Yeah and pointless as to whether or not you need faith to live. 

There is more!

Steven Garmon said, "Faith is what is required to uphold the things we believe are most probable."

How does faith do that?

Biblical faith is required to believe what God has said because we cannot without God's help. 

Now faith is confidence in what we hope for and assurance about what we do not see. This is what the ancients were commended for.
By faith we understand that the universe was formed at God’s command, so that what is seen was not made out of what was visible.
By faith Abel brought God a better offering than Cain did. By faith he was commended as righteous, when God spoke well of his offerings. And by faith Abel still speaks, even though he is dead.
By faith Enoch was taken from this life, so that he did not experience death: “He could not be found, because God had taken him away.”[a] For before he was taken, he was commended as one who pleased God. And without faith it is impossible to please God, because anyone who comes to him must believe that he exists and that he rewards those who earnestly seek him. - Hebrews 11:1-6

Picture flipping a quarter. The odds are about equal that you'll get a heads or a tails. Where is faith?
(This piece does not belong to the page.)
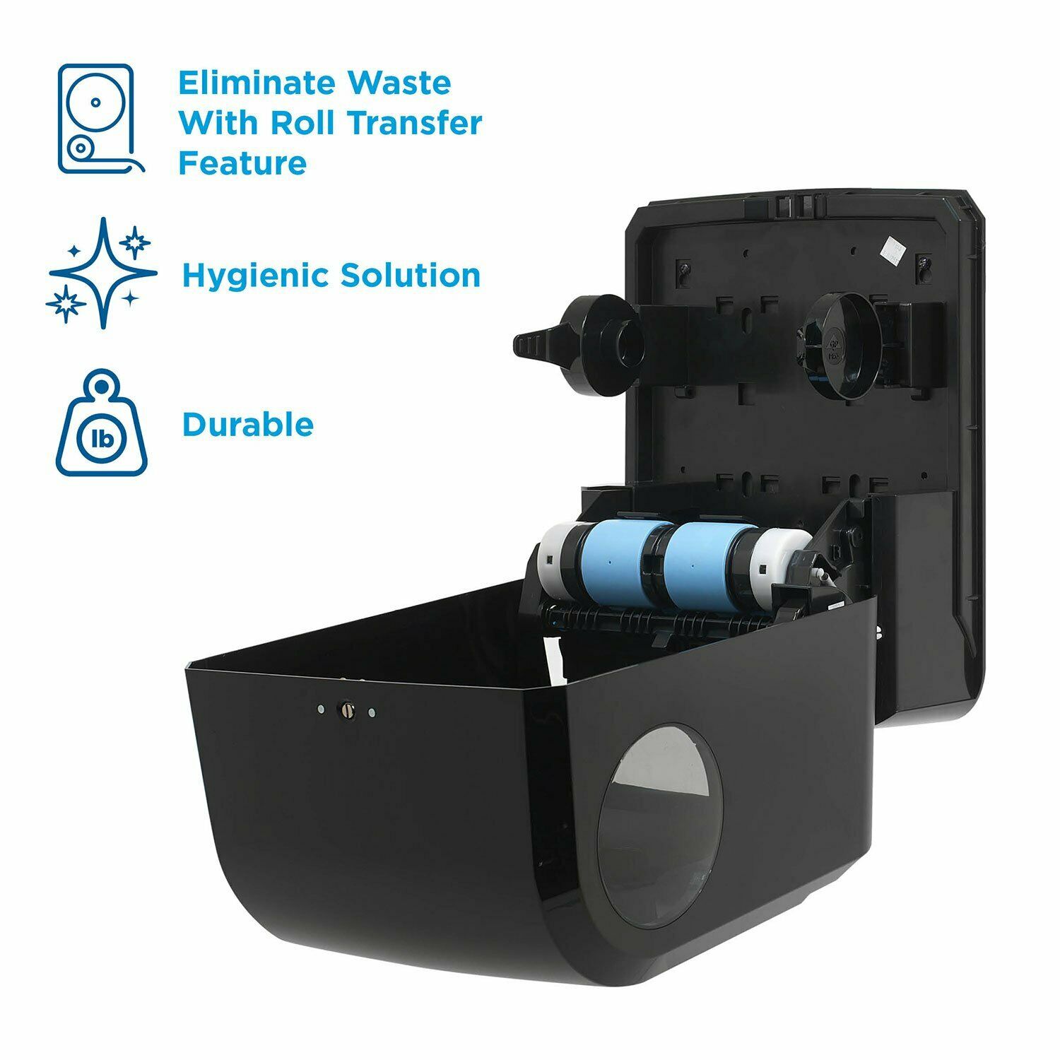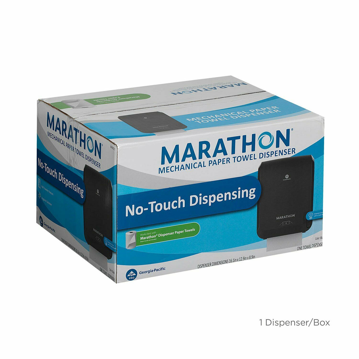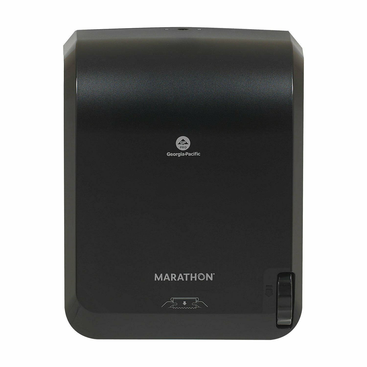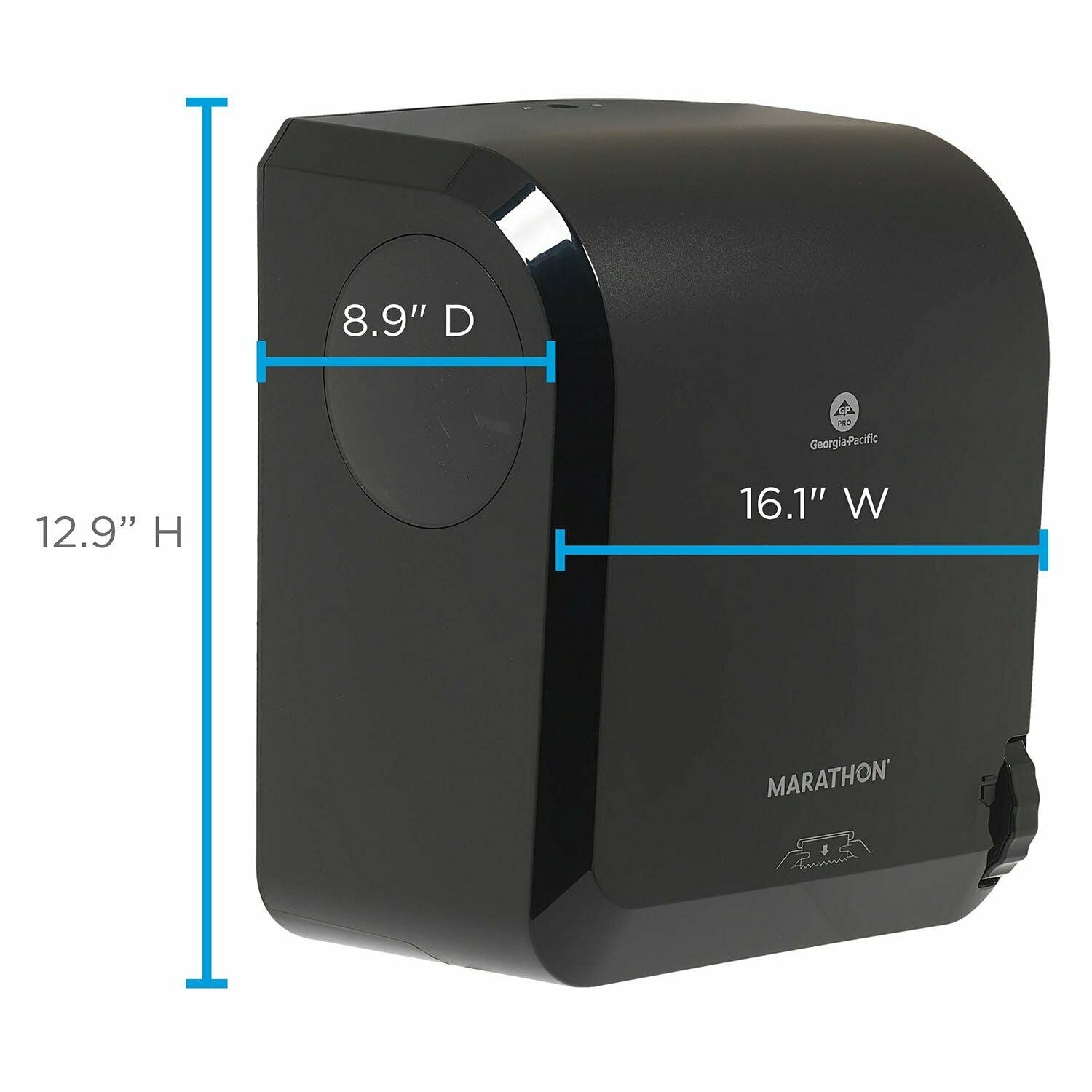 With hands-free operation, this paper towel dispenser helps reduce the spread of germs. It's terrific for extended service intervals and steady traffic areas. This dispenser features a durable construction and a side cover that's see-through, making it simple to monitor for refills. It can hold up to 700' of paper towels when used with the Marathon Dispenser Paper Towels Roll (sold separately) with soft, absorbent sheets that are also great for hand drying. In a black color, this unit can blend in with most office decors. The no-touch, one-at-a-time dispensing is ideal for minimizing waste. This dispenser will keep the paper towels dry, clean and hygienic.

What does it do here? How does having it change the odds?

Faith isn't about flipping a quarter. With regards to salvation, faith makes salvation assured. 

Picture a lottery where you have a one in 80 million chance of winning. Where is faith? What does it do here? How does having it change the odds?

Salvation is not about winning a lottery. Everyone is going to hell as default. Saving faith is what changes you from being hellbound sinners into children of God. 

Those who live according to the flesh have their minds set on what the flesh desires; but those who live in accordance with the Spirit have their minds set on what the Spirit desires. The mind governed by the flesh is death, but the mind governed by the Spirit is life and peace. The mind governed by the flesh is hostile to God; it does not submit to God’s law, nor can it do so. Those who are in the realm of the flesh cannot please God. - Romans 8:5-8

Picture a sports contest, say a boxing match. Gamblers place their bets on who will win based on the odds. Where is faith? What does it do here? How does having it change the odds?

 The lot is cast into the lap, but its every decision is from the LORD. - Proverb 16:33

Ahhhh, morning has broken! Whew, that was a lucky guess, right? ;-)

Has nothing to do with luck. It's all about God's mercy.

Debunking Christianity: I Could Conceivably Be Wrong. So?